Наш разговор прерывался скрипучими гудками пароходика в устье Тежу — дождь ослабел, и в поселок стали доноситься звуки с реки. Додо долго молчала, а когда заговорила снова, в ее голосе появилось какое-то незнакомое ласковое напряжение:
— Не вызывай полицию, сначала послушай. Я не хотела говорить тебе правду, Константен. Ты слишком нервный. Но теперь скажу: туда должны были прийти один политик и девочка по вызову, она работает на Ласло, это он придумал использовать твой дом.
— Ласло? Он венгр, что ли?
— Он мой партнер. Мы хотели записать их встречу и попросить за молчание тысяч двести.
— Двести тысяч?
— Скромно, но приятно, и ему не слишком большой убыток. Для верности нам нужен был третий человек. Я же говорила, что помогу тебе рассчитаться с банком, верно?
— Верно.
— Ну вот, — она слегка приободрилась. — Я пока не знаю, что там произошло, в твоем доме. Похоже, датчанка была замешана в какой-то другой истории, со шлюхами это случается. Теперь у нас с Ласло будут расходы, а у тебя неприятности, он сам так сказал.
— Выходит, ты спала со мной, чтобы я стал третьим человеком?
— Сейчас не время обсуждать любовные темы, верно?
— Кто тут, мать твою, говорит о любви?
— Не кричи на меня. Я уже сообщила о нашем затруднении своему партнеру. Он вызвал самого Ферро, это очень дорого, но деваться теперь некуда, — она говорила так тихо, что я слышал гулкое кафельное эхо и шум бегущей воды.
— Кого он вызвал?
— Чистильщика. Ну, помнишь, как в фильме с Харви Кейтелем? Это надежный парень, он обдерет нас как липку, но дело сделает. Ласло сказал, что главное — дышать ровно и не поддаваться безотчетному ужасу. Он все уладит к завтрашнему утру.
— Врешь ты все, — сказал я, переждав протяжный пароходный гудок за окном. — Твой уголовный Ласло и слов-то таких не знает. Я звоню в полицию и еду домой.
— Много тебе твои слова помогли. Тут нужен профессионал, иначе мы все пропадем, а если это сделал сам politico, то пропадем очень быстро и бесшумно. Это богатый человек, и если уж он решил не платить, а убивать, то нам всем не поздоровится. А полиция только напортачит.
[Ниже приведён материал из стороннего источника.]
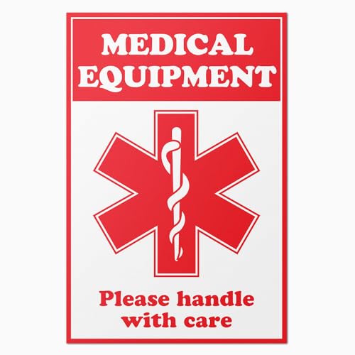 DESIGN | Features a vivid, eye-catching design with “Medical Equipment – Please Handle With Care” text in white & red on a contrast background for Immediate Attention
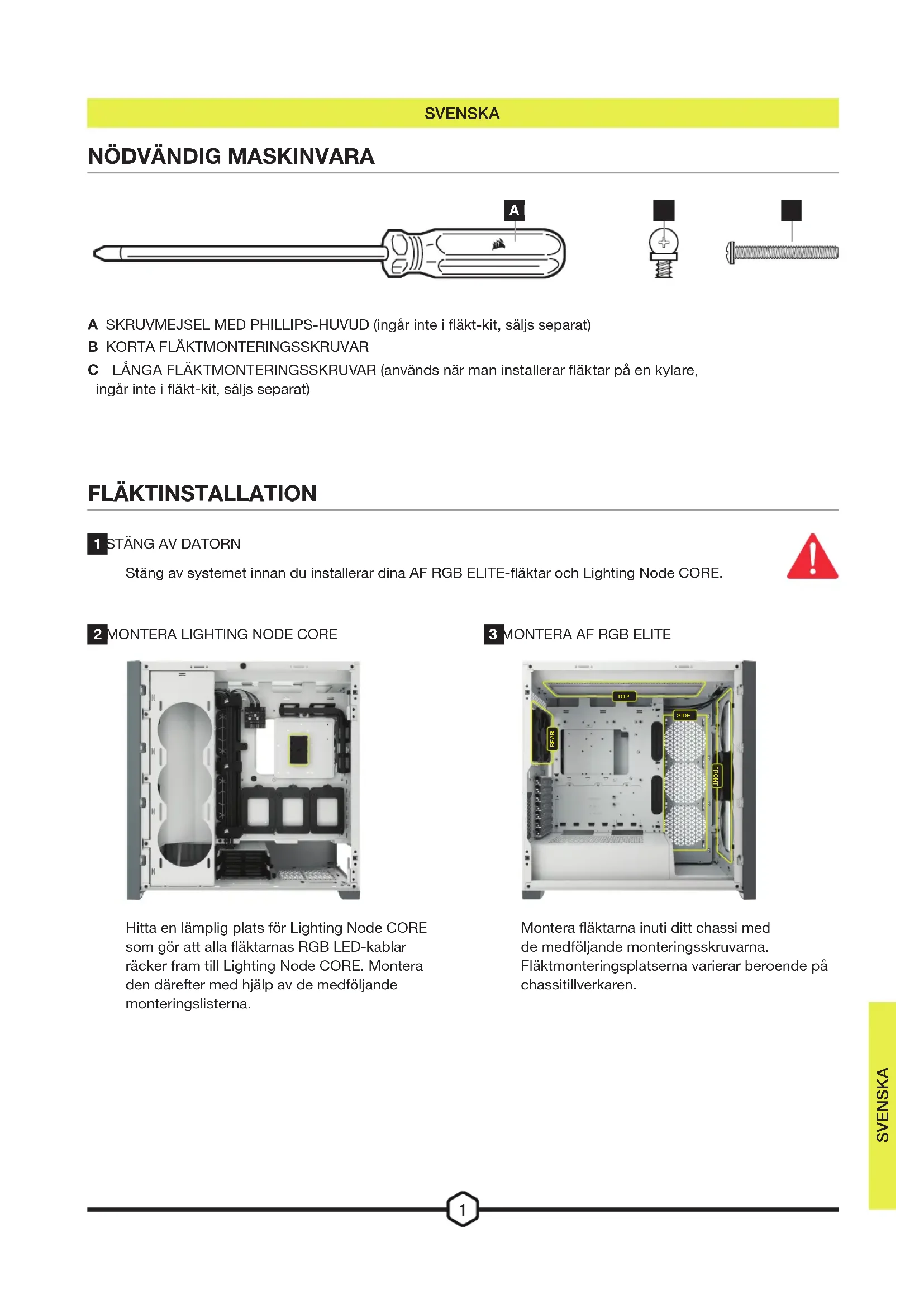 Stäng av systemet innan du installerar dina AF RGB ELITE-fläktar och Lighting Node CORE. Montera fläktarna inuti ditt chassi med de medföljande monteringsskruvarna. Fläktmonteringsplatserna varierar beroende på chassitillverkaren.
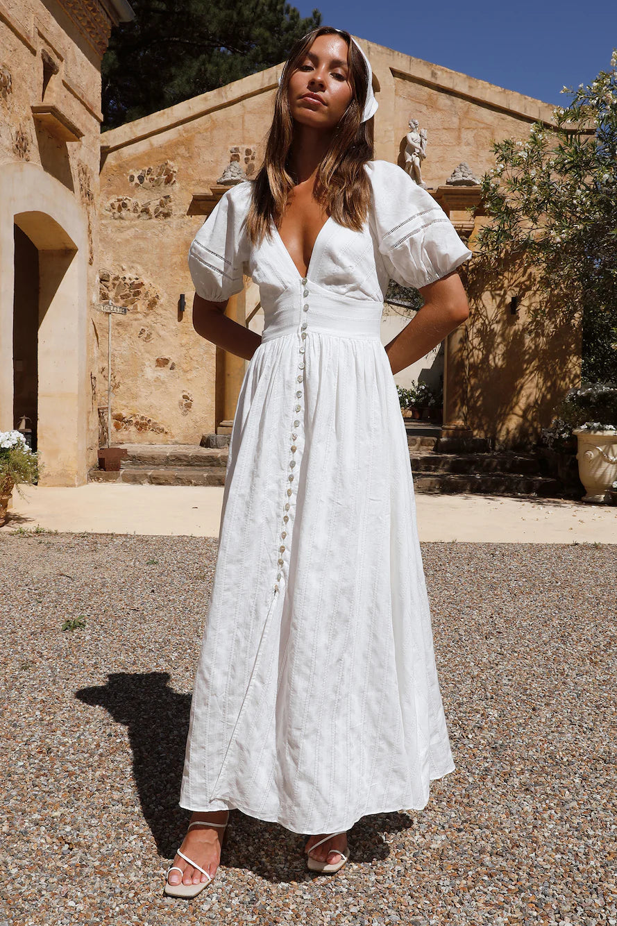 Feel the sun on your skin and the breeze through your hair in the Sunny Attire Maxi Dress in White. Style this dress with white sandals and tort sunglasses for the perfect adventure attire.

— Ладно, зато я не буду замешан в вашем предприятии. Сдамся и расскажу все, как есть.
— И что ты расскажешь? У тебя на руках ничего нет, кроме туфты — ни адресов, ни настоящих имен. Довольно слов, Константен: человек поехал к тебе домой, он уже в дороге, и нам все равно придется ему заплатить. Ложись спать и не забудь закрыть в коттедже окна, к вечеру пойдет дождь, — добавила она и положила трубку.
Дождь пошел сразу же, стоило мне закончить разговор, ветер заносил брызги в комнату, но я оставил окно открытым. Хозяйка дома этого заслуживает: отсыревших обоев, вздыбленного пола и тысячи лет в аду. Не знаю, чего я ждал, слоняясь по двум захламленным комнатам. Помню, что долго искал розетку, подходящую к компьютерной вилке, и нашел только в ванной, пришлось заряжать компьютер в корзине с грязными майками Гомеша. В кухне нашелся кусок черствого сыра, и я долго его грыз, потом пытался читать взятую с собой книжку про парня, который задыхался понарошку, и, наконец, почувствовал, что сам задохнусь, если что-нибудь жесткое и определенное не произойдет как можно скорее. Совсем как та бельгийская девица, которая всех подряд спрашивала, когда немцы заняли город: ну, скоро ли они начнут зверствовать?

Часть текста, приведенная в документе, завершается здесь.